Description of the task
Given these entries, repeat exactly the lines starting with the one that has "- Upgraded Snuffle" and going on through the one that has "用栗子泥和糖渍栗子做成,金灿灿当然是招财进宝,富贵吉祥之意。", both included, but none of the pictures.

Dataset content
========

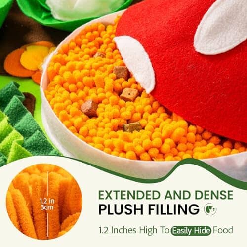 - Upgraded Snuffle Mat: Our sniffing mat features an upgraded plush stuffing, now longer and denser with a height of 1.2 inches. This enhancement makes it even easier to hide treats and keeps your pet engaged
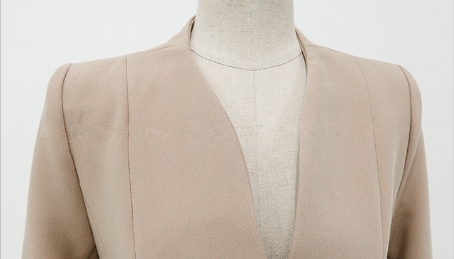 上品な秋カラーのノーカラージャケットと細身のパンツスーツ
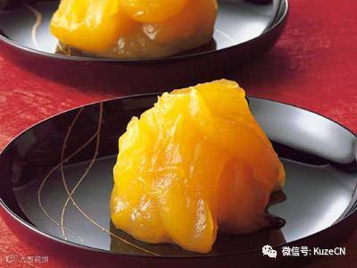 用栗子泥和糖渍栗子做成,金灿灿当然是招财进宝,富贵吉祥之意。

========

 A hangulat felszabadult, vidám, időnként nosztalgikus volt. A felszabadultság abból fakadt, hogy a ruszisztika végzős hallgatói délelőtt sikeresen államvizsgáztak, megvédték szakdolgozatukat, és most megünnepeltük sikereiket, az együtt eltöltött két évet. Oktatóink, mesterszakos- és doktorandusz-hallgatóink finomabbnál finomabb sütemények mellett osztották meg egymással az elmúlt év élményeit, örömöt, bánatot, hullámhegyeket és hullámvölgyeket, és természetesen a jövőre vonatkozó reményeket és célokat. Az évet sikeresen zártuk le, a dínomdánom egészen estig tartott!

========

Expected answer
 - Upgraded Snuffle Mat: Our sniffing mat features an upgraded plush stuffing, now longer and denser with a height of 1.2 inches. This enhancement makes it even easier to hide treats and keeps your pet engaged
 上品な秋カラーのノーカラージャケットと細身のパンツスーツ
 用栗子泥和糖渍栗子做成,金灿灿当然是招财进宝,富贵吉祥之意。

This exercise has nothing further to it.